╭─ Material provided

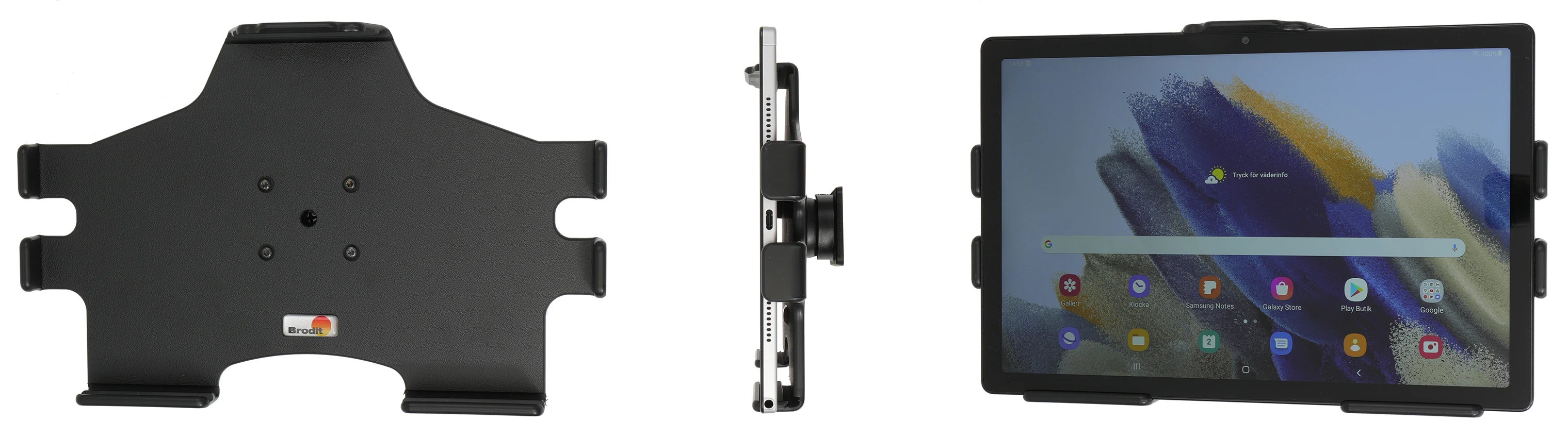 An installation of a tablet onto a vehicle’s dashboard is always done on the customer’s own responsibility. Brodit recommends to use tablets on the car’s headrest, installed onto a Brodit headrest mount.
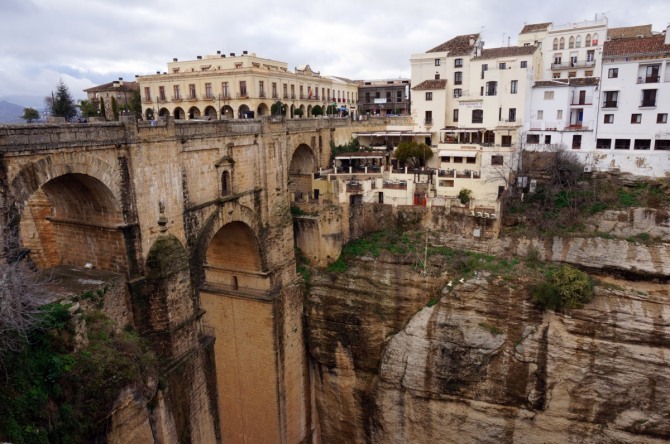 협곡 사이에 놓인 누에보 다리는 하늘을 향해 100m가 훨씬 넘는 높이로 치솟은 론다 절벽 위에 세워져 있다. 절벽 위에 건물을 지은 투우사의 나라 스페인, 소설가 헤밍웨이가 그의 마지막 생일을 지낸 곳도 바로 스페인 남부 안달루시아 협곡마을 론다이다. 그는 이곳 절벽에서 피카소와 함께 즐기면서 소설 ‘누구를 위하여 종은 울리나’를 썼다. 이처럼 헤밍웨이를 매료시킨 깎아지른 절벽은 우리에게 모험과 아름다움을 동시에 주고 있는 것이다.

╰─
╭─ Material provided

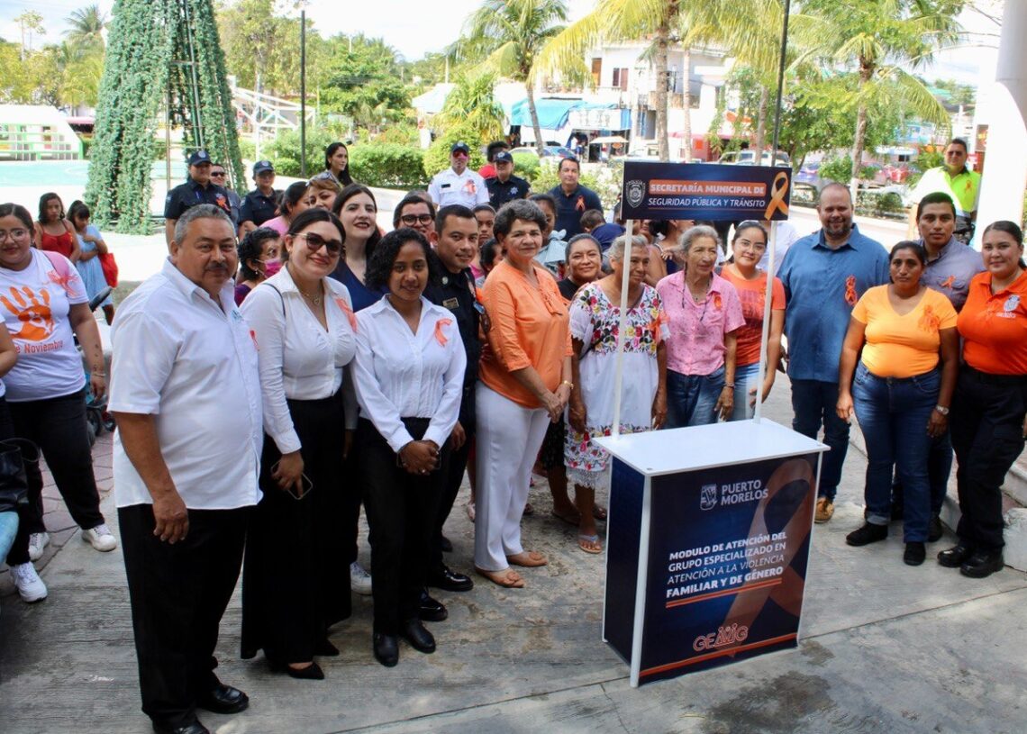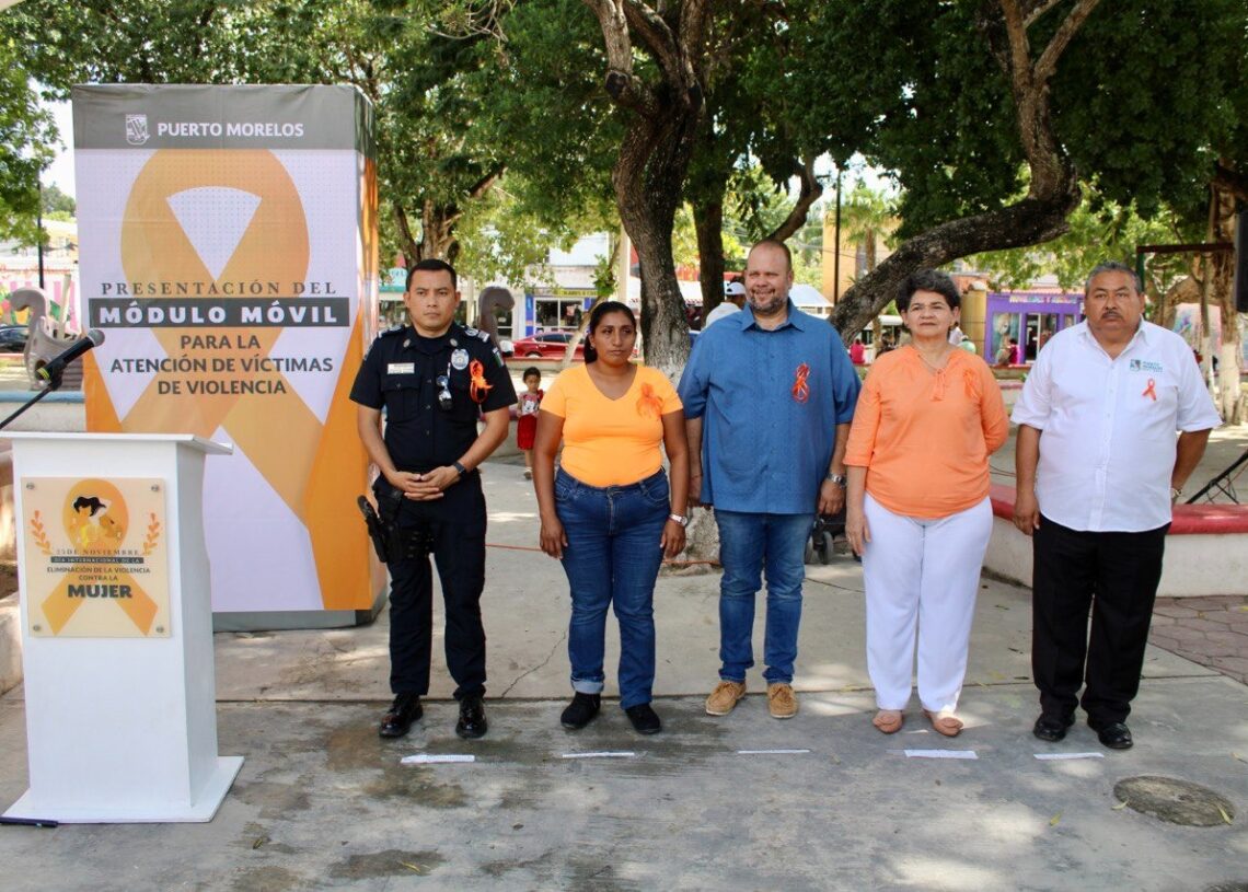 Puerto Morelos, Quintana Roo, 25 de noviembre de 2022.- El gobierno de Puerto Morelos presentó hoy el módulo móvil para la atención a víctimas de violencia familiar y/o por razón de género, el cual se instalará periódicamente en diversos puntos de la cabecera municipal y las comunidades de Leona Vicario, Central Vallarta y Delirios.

╰─
╭─ Material provided

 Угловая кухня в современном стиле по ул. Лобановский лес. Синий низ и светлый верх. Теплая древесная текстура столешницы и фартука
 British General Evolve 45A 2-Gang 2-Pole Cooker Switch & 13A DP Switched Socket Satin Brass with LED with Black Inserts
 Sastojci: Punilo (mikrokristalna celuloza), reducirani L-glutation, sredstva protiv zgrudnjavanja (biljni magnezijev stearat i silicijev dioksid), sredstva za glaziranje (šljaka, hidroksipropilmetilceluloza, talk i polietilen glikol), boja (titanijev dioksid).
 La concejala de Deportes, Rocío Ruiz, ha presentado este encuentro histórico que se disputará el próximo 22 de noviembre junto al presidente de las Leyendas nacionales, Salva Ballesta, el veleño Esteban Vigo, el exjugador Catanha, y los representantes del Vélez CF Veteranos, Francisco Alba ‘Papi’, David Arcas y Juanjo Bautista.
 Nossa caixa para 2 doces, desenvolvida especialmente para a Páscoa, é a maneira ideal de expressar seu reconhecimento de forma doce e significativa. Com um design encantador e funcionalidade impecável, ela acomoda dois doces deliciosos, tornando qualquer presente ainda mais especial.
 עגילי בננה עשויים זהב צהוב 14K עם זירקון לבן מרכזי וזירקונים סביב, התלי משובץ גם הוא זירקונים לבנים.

╰─

▶ _Aim of the task_
Every line above from the one with "An installation of" down to the one with "협곡 사이에 놓인 누에보" must be written out exactly, and no picture may appear.

▶ _Answer section_
 An installation of a tablet onto a vehicle’s dashboard is always done on the customer’s own responsibility. Brodit recommends to use tablets on the car’s headrest, installed onto a Brodit headrest mount.
 협곡 사이에 놓인 누에보 다리는 하늘을 향해 100m가 훨씬 넘는 높이로 치솟은 론다 절벽 위에 세워져 있다. 절벽 위에 건물을 지은 투우사의 나라 스페인, 소설가 헤밍웨이가 그의 마지막 생일을 지낸 곳도 바로 스페인 남부 안달루시아 협곡마을 론다이다. 그는 이곳 절벽에서 피카소와 함께 즐기면서 소설 ‘누구를 위하여 종은 울리나’를 썼다. 이처럼 헤밍웨이를 매료시킨 깎아지른 절벽은 우리에게 모험과 아름다움을 동시에 주고 있는 것이다.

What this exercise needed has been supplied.